21) Correct GATEWAY handling in the providers file.

22) Remove sub-zone exclusion from DNAT/REDIRECT.

23) Add compiled-program/library versioning scheme.

-------------------------------------------------------------------------------
3.1.6

24) Apply Steven Springl's help patch.

25) Fix 'allow/drop/reject' while Shorewall not running.

26) Implement bi-directional macros.

27) Fix TC bridge port handling.

28) Fix/document "check -e"

29) Automatically use capabilities file when non-root.

30) Correct typo in help file ("help drop").

31) Added 'tcpsyn'

-------------------------------------------------------------------------------
3.1.7

32) Change 'tcpsyn' to 'tcp:syn'

33) Remove superfluous rules in MAC validation.

34) Correct Makefile.

35) Add -t option

36) Restore log messages.

37) Fix "shorewall capabilities" with VERBOSITY < 2.

-------------------------------------------------------------------------------
3.1.8

38)  Remove compile-time running of extension scripts.

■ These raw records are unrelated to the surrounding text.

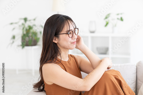 woman, smile, happy, relax, break, cosmetic, beauty, couch, glasses, light, casual, girl, woman, portrait, lifestyle, beauty, room, japanese, young, people, lively, sweet, pretty, asian, image, fun, smile, smile, happy, 30s
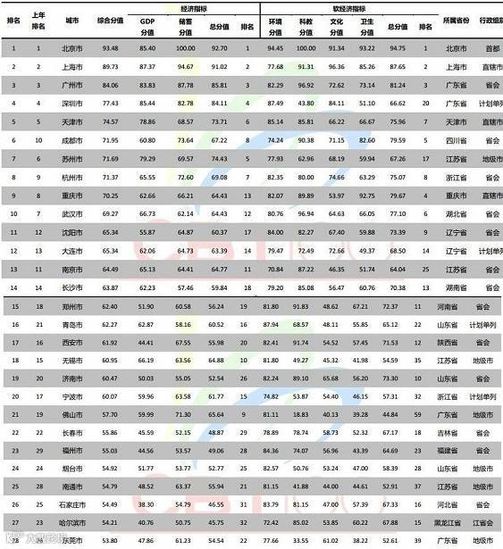 软经济指标的加入更是倡导城市要“做优”,由榜单可以看出,部分城市软经济指标发展滞后。例如,单纯以经济指标衡量,深圳市列第4位,但其非经济指标则排到第20位。
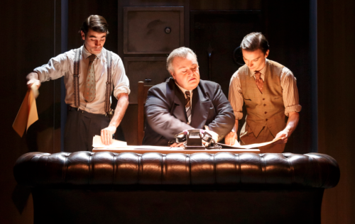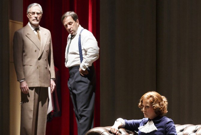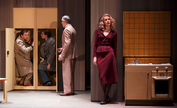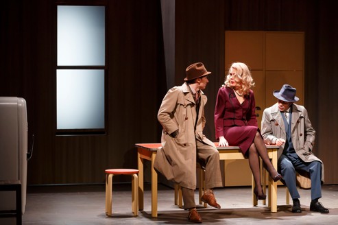 Ce qui m’a vraiment plu c’est la mise en scène et la mise en lumière. Lilo Baur a choisi de monter la version initiale de l’auteur, plus subversif où le maffieux Alessandrovici est présent. La structure du récit a orienté la metteuse en scène vers une esthétique cinématographique proche des films noirs. Par exemple, on trouve un trio amoureux avec la femme-mère, la femme putain et le mari/amant. Les décors tout en sobriété sont d’une efficacité incroyable. La scènographie d’Oria est surprenante tout comme le travail de lumière Gwendal Malard. Ces zones de lumières projetant des ombres, j’ai été totalement subjuguée par leur efficacité et leur magnificence. J’étais plongée dans un véritable film des années 50 avec ces lumières, ces costumes et la posture drôlement sexy de Florence Viala qui a pris un petit accent bien particulier.
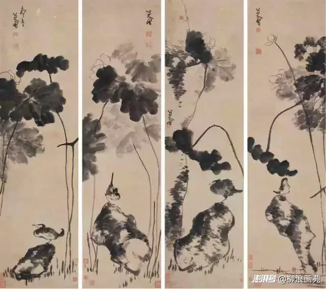 八大山人的简,根基是深不可测的强悍功力,绝非无源之水、无本之木。他出身明朝宗室,自幼浸淫诗书笔墨,家学渊源深厚,年少便精通书画,篆隶楷行诸体皆妙,将书法笔意融入绘画,练就了“笔简形具,形神兼备”的绝世功底。他笔下的线条,藏锋蓄力、绵里裹铁,如屋漏痕、折钗股,看似随意寥寥数笔,却力透纸背、苍劲圆融,一笔下去,物象的风骨、神韵、性情尽数尽显。画荷,无需满池碧叶,只一茎瘦梗、半片残荷,便写出荷的清傲孤绝;画鸟,不必羽翼繁复,只极简轮廓、一点白眼,便藏尽桀骜不驯的生命力;画石,不做精细皴擦,只淡墨几笔、枯笔勾勒,便显山石的苍古雄浑。这种“以少少许胜多多许”的极简,是他穷尽半生笔墨修行,删繁就简、去芜存菁的结果,是把万千技法熔于一炉,再化繁为简的通透,没有数十年的笔墨深耕、功力积淀,绝无可能做到这般举重若轻。
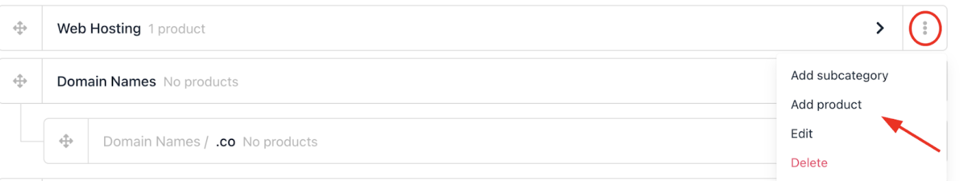 page. - Or, click the three-dot menu next to a category and select Add product.
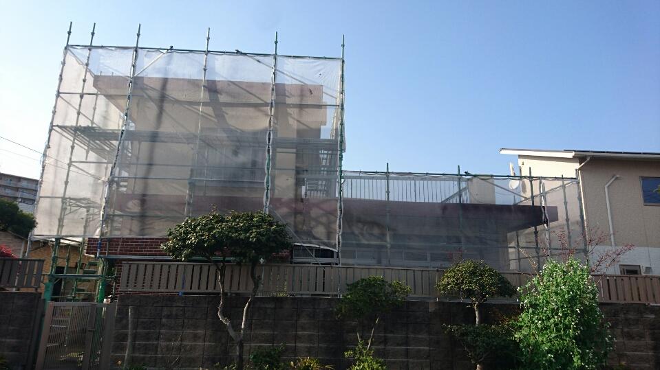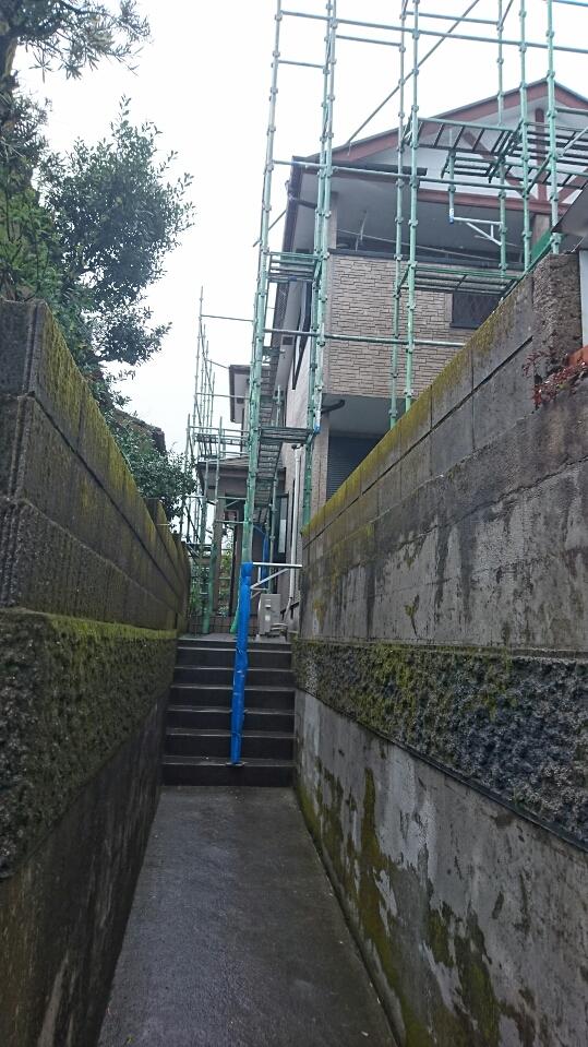 午前は、五光施工の応援で田上台で外壁塗装用の足場組み立てに行ってきました!
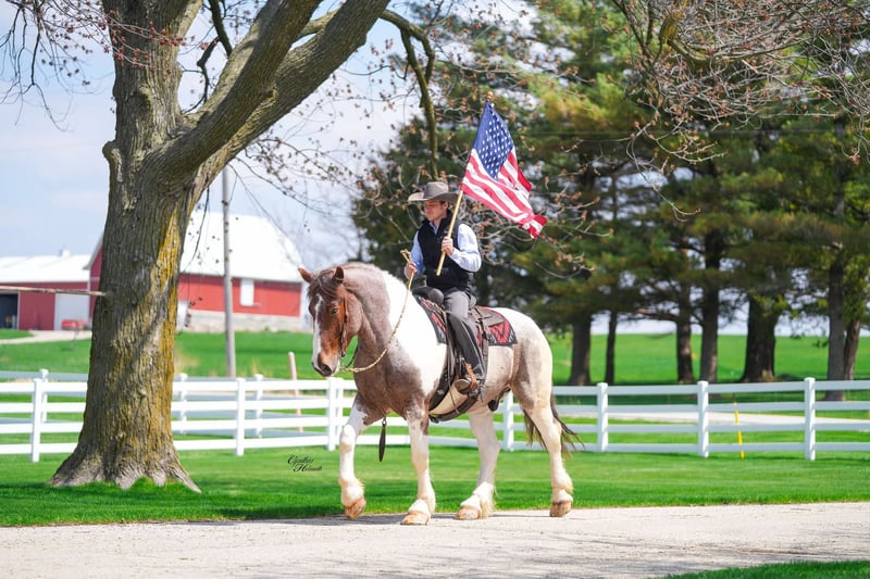 ONLINE AUCTION Place your bids at www.PlatinumEquineAuction.com Starting Bid $3500 Auction ends May 18th, 2025 Need a new saddle? Check out White Rock Saddles on our website or Facebook! Spirit is a 5 yr old, stunning red roan tobiano, draft cross gelding. He stands a magnificent 16.1 hands tall and weighs 1400 lbs. Spirit is an all around horse, he has done Christmas rides in multiple towns. He will ride out in a group or be great by himself. He crosses water, logs, down the busy highway, good in traffic, trails, been out after dark. Spirit is well trained to ride English or western. He also drives single or double. If you are looking for a horse that is big enough for the adults, and quiet enough for the children, definitely check him out. He has excellent ground manners, easy to catch, groom, bathe, stands good for the farrier, hauls and stalls great! Spirit can be turned out with other horses or stalled by himself. We have truly enjoyed every minute of Spirit and are excited to find him the perfect home where he can continue to shine. Horses like him don’t come around every day! Contact Rudy at R & R Regal Equine: 319-334-8649 to schedule a time to meet him, FaceTime , or just chat more about this once in a a lifetime horse! Located in Independence IA. ONLINE AUCTION Place your bids at www.PlatinumEquineAuction.com Starting Bid $3500 Auction ends May 18th, 2025 Need a new saddle? Check out White Rock Saddles on our website or Facebook!
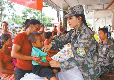 中国医疗队队员在萨南赛县救治灾民。
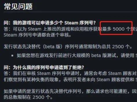 不过,在Steam的开发者指南里有明确规定,前期游戏能申领的激活码被限制在5000个,所以对于销量大于这个数量的游戏来说,这个解决办法就不好使了。
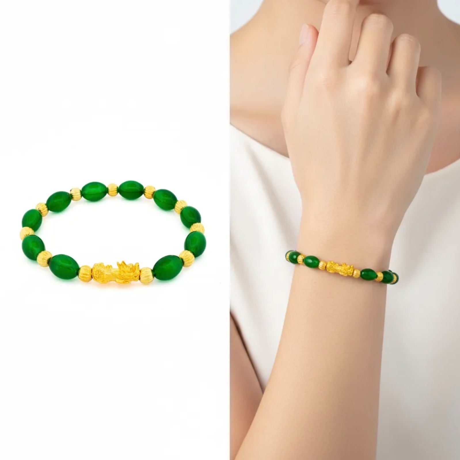 Jade Beads w/Pixiu Flex Bracelet (Green) Ð A7094
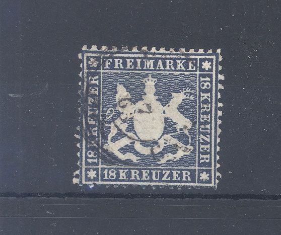 Württemberg Michel Nummer 20y, 18 Kreuzer Freimarken 1861 gestempelt einer reparierten Ecke, sonst ein ordentlicher Wert. Der Wert ist geprüft BPP.
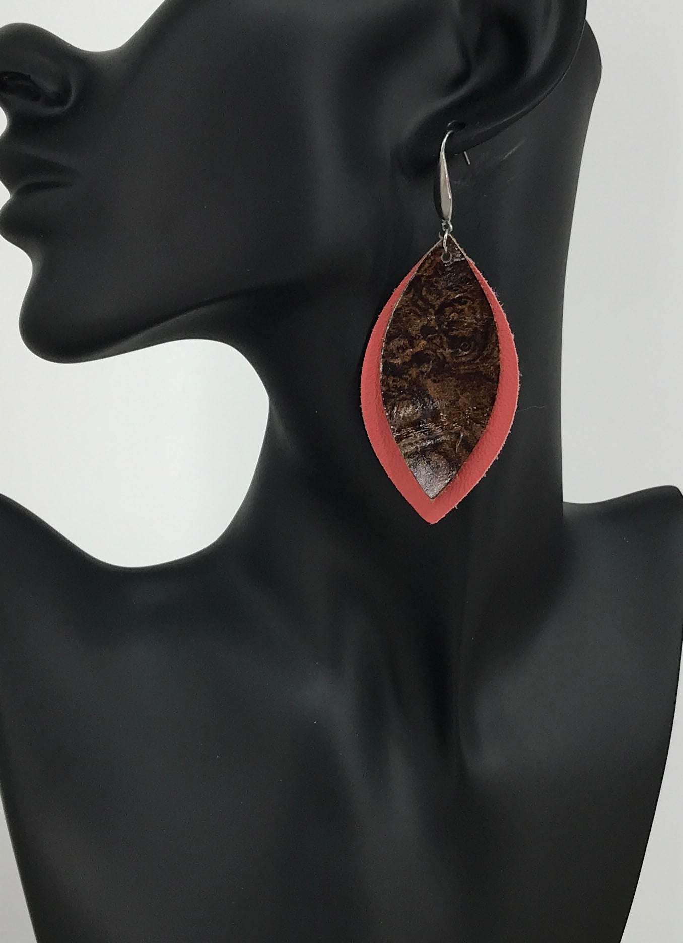 Salmon Plonge Leather and Burlwood Crocodile Belly Leather Earrings with Stainless Steel Findings and Ear Wires.

39)  Correctly handle interfaces named 'inet'.

40)  SUBSYSLOCK functionality restored.

-------------------------------------------------------------------------------
3.1.9

41)  Fix Provider route generation when a specific gateway is specified.

42)  Be sure that restore file name is preserved regardless of 'set --' in
     define_firewall().)

43)  Add Simon's redhat prog files.

44)  Add 'delete_nat' to compiled program.

45)  Move 'shorecap' to /usr/share/shorewall

46)  Add debian prog files.

47)  Correct syntax error in validate_policy()
-------------------------------------------------------------------------------
3.2.0 Beta 1.

48)  Streamlined some code in setup_tc1()

49)  Process /etc/shorewall/params at run-time.

50)  Add new modules to /etc/shorewall/modules.

51)  Make default behavior of "compile" distribution-neutral.